August
17
 

UK law blurs in posthumous sperm retrieval case

Is Britain going Dutch in assisted reproduction? The peculiar attitude of the Dutch towards statutes has allowed practices (like euthanasia) which are clearly illegal in black-letter law to be carried out and even regulated in a kind of shadow legal system.

Earlier this month a widow in her early 40s, referred to as Ms H, obtained a court order in the UK to get surgeons to extract sperm from her dying partner so that she could bear his child. The man, who had suddenly lapsed into a coma after a heart attack, had never given his consent.

Apparently the couple were not legally man and wife, although they had been married in the UK in an unrecognised Islamic ceremony.

Extraction without consent is of questionable legality in the UK. Physically, the procedure is quite brutal and in a conscious person, would be described as assault. As bioethicist Anna Smajdor, of the University of East Anglia, said about a similar case in 2008, “The bodies of dead and dying individuals are vulnerable to assault and exploitation, and the law's function is to protect them.”
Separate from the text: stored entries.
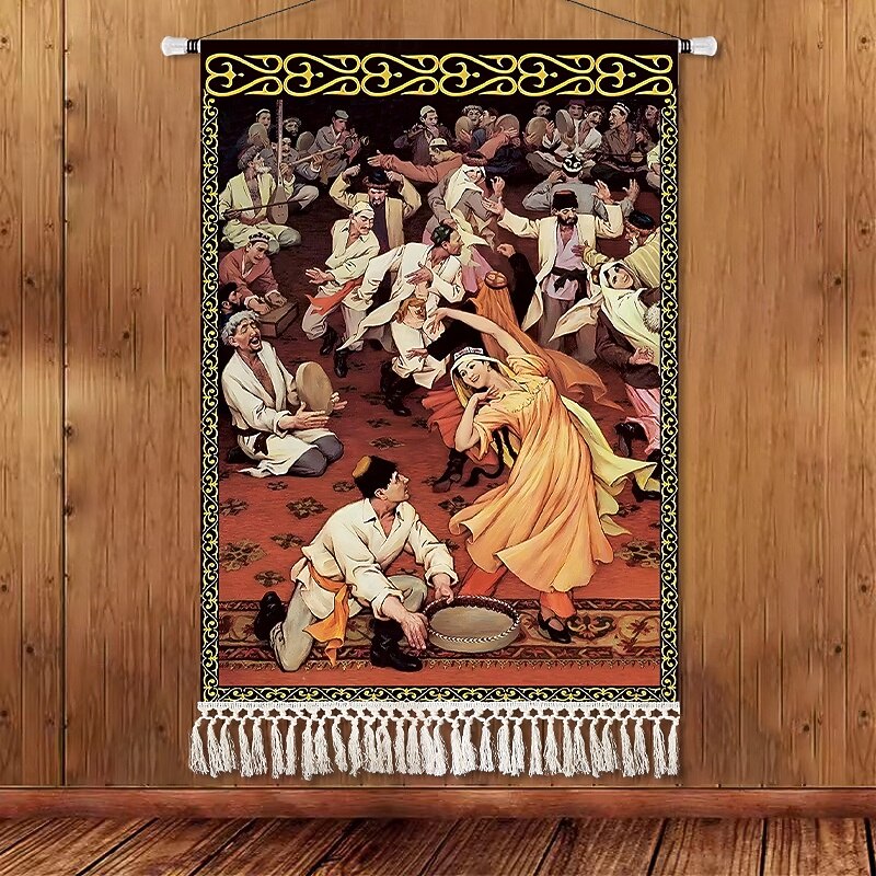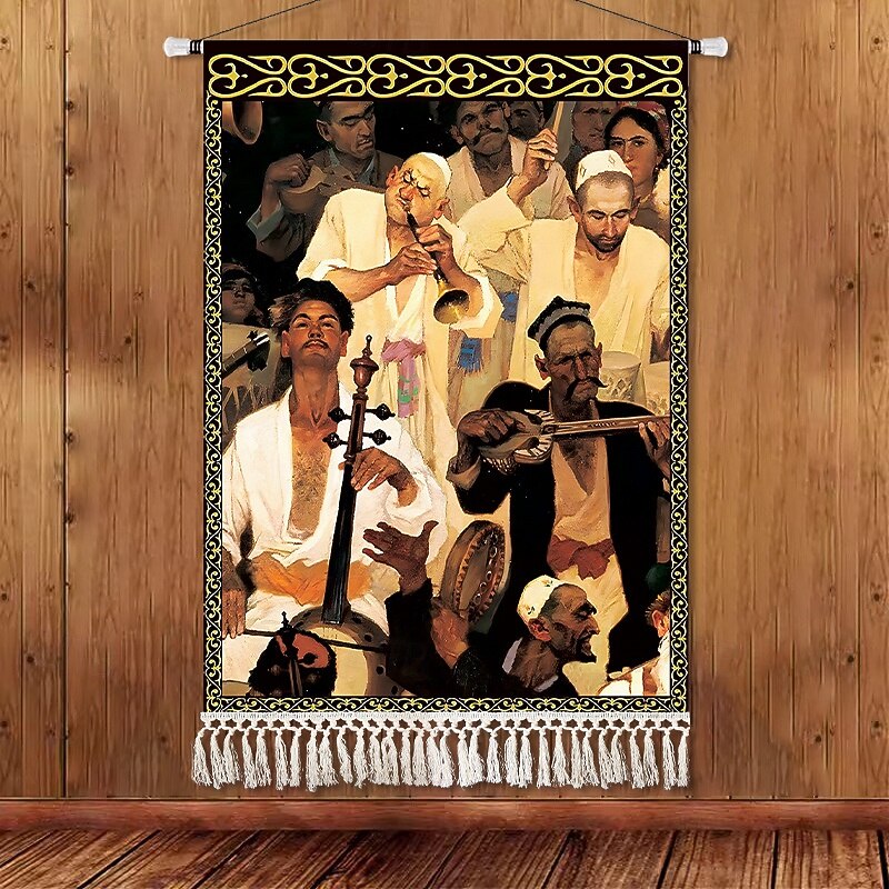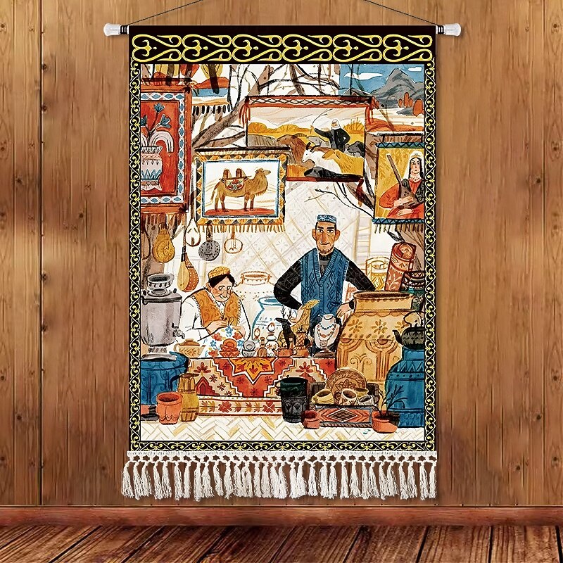 Beauty Uyghur Ethnic Style Wall Tapestry, Artistic Background Decoration, Boho Hanging Art for Bedroom, Living Room, or Cafe 29
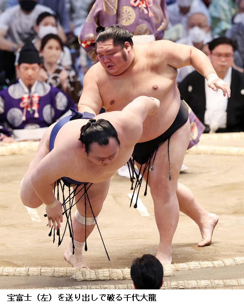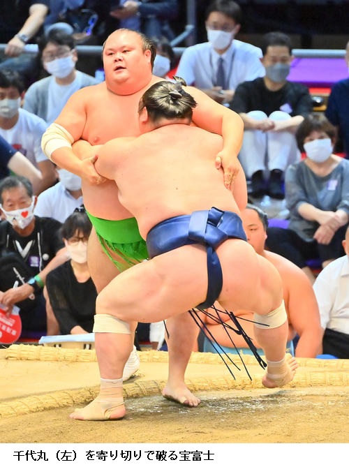 ▽千代翔馬に宝富士は、千代翔馬が寄り切り。
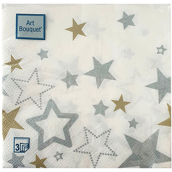 Салфетки бумажные Art Bouquet Звезды на белом 3 слоя 33x33 см, 20 шт.
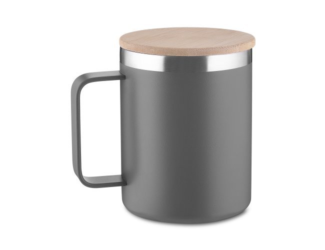 Caneca térmica 400ml, produzida em inox reciclado (304 interno / 201 externo), com tampa em bambu, pintura a pó.

However, a judge agreed to Ms H’s request so that she could search for evidence of her partner’s consent. Although this was never produced, she took the sperm out of Britain to an overseas IVF clinic, perhaps to Romania or Cyprus, where it is legal to use sperm without proof of consent. Transporting the sperm out of the country without consent is also illegal.

The UK’s fertility watchdog, the Human Fertilisation and Embryology Authority, did not contest any of these breaches. This means, as the Daily Mail’s correspondent put it, “the regulatory body effectively supported her and her doctors in breaking the law”. 

James Lawford Davies, a lawyer who is expert in IVF matters, commented: “This decision creates uncertainty. The HFEA is going about things in the wrong way by sidestepping the courts. Either this is against the law or it isn't – it needs to be clear.”